* [EXERCISE INPUT]:
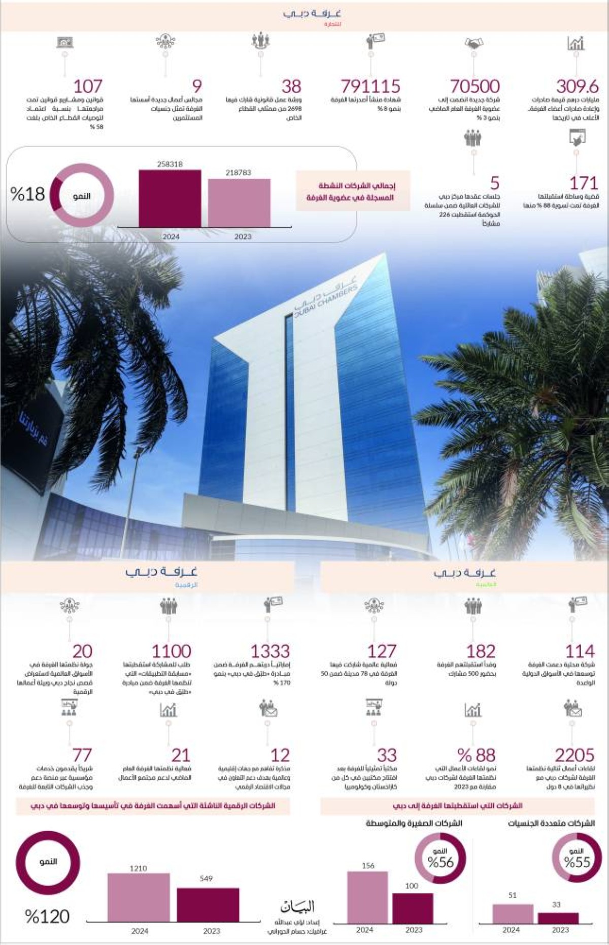 واصلت غرف دبي خلال عام 2024 تحقيق إنجازات استثنائية، أسهمت في تحفيز النمو الاقتصادي، ودعم بيئة الأعمال، عبر ابتكار حلول جديدة وفعالة، تخدم كل القطاعات التجارية والصناعية، بما يتواكب مع استراتيجيتها المحفزة للنمو الاقتصادي المستدام، بما يتماشى مع أهداف أجندة دبي الاقتصادية ( D33 )، التي تسعى إلى مضاعفة حجم اقتصاد دبي بحلول عام 2033 ، وترسيخ مكانتها ضمن أفضل 3 مدن اقتصادية حول العالم.
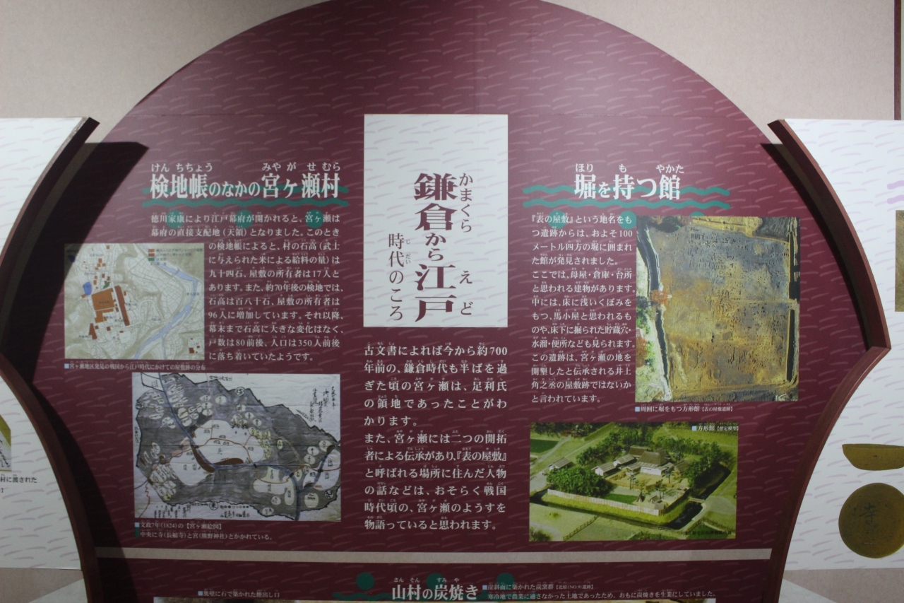 現在は宮ヶ瀬湖に沈んでいる、昔から人が住み、歴史のあった宮ケ瀬の集落についての資料が展示されています。
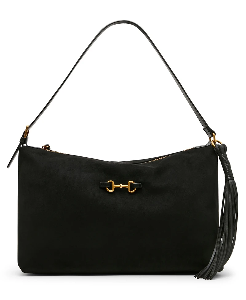 Elevate your style with this slouchy shoulder bag. Features a faux suede material and a new horse-bit detail and elongated tassel for that luxurious look.
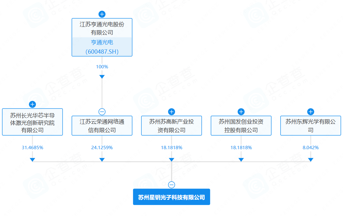 根据企查查和多家媒体报道,星钥光子由长光华芯、亨通光电、东辉光学共同发起。亨通光电通过旗下江苏云荣通网络通信有限公司持股。
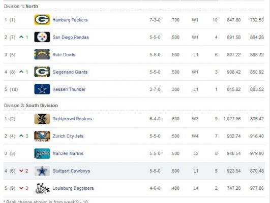 Ganze 6 Teams mit 5:5! Das Feld ist noch sehr eng beinander - lediglich die Packers können sich schon fast über eine sichere Play Off Teilnahme freuen!! Die kommende Woche steht ganz im Stern des schweizer Derbys Zürich City Jets gg. Richterswil Raptors!
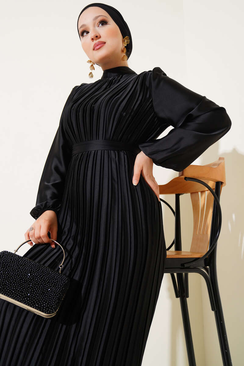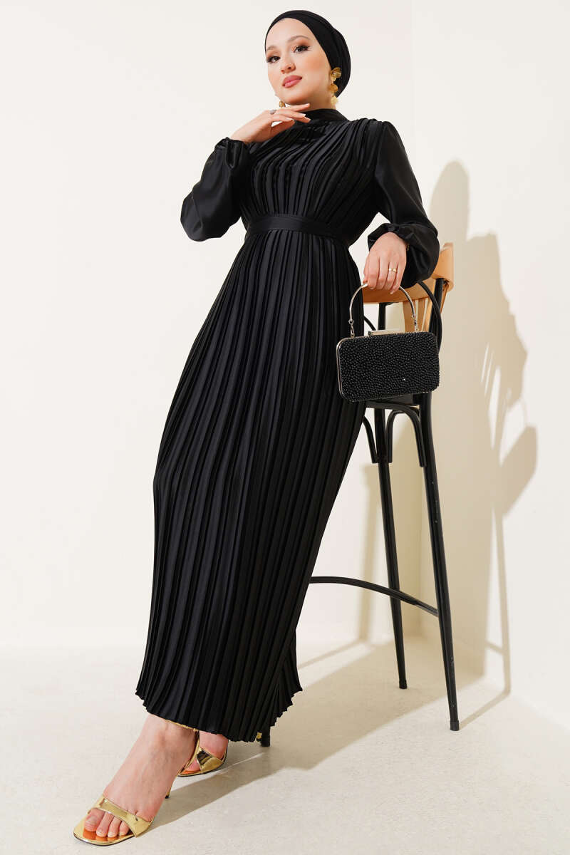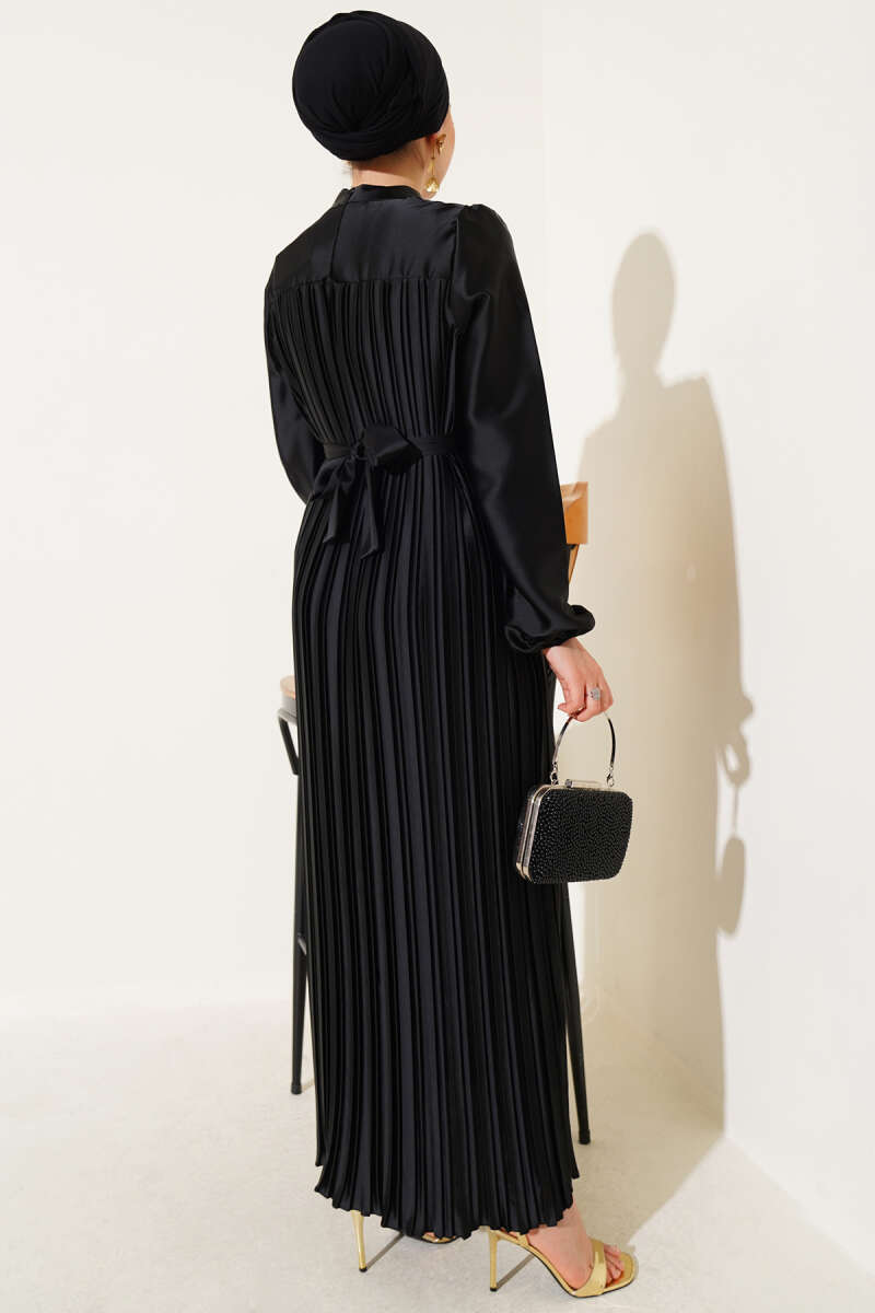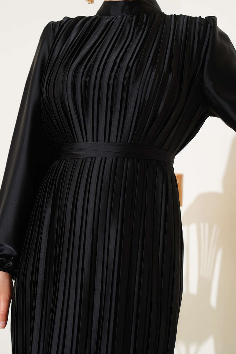 Kol Ucu Kürklü Fitilli Kaşe Elbise Siyah
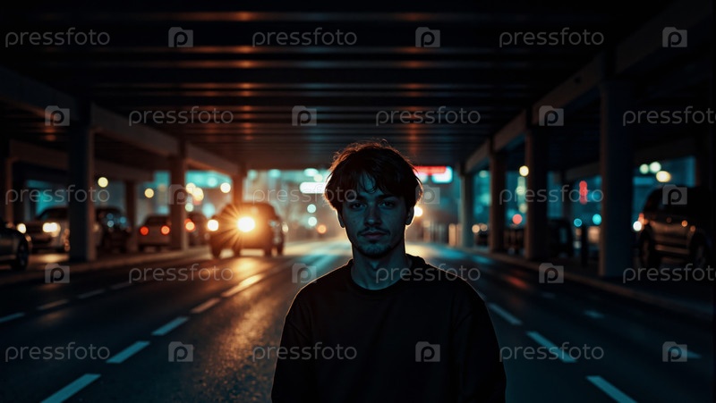 Портрет молодого человека, стоящего в одиночестве под мостом ночью

* [EXERCISE BRIEF]: Skip the pictures; extract only the lines from the line with "Elevate your style" through the final line of the material, exactly as they appear.

* [TASK RESPONSE]:
 Elevate your style with this slouchy shoulder bag. Features a faux suede material and a new horse-bit detail and elongated tassel for that luxurious look.
 根据企查查和多家媒体报道,星钥光子由长光华芯、亨通光电、东辉光学共同发起。亨通光电通过旗下江苏云荣通网络通信有限公司持股。
 Ganze 6 Teams mit 5:5! Das Feld ist noch sehr eng beinander - lediglich die Packers können sich schon fast über eine sichere Play Off Teilnahme freuen!! Die kommende Woche steht ganz im Stern des schweizer Derbys Zürich City Jets gg. Richterswil Raptors!
 Kol Ucu Kürklü Fitilli Kaşe Elbise Siyah
 Портрет молодого человека, стоящего в одиночестве под мостом ночью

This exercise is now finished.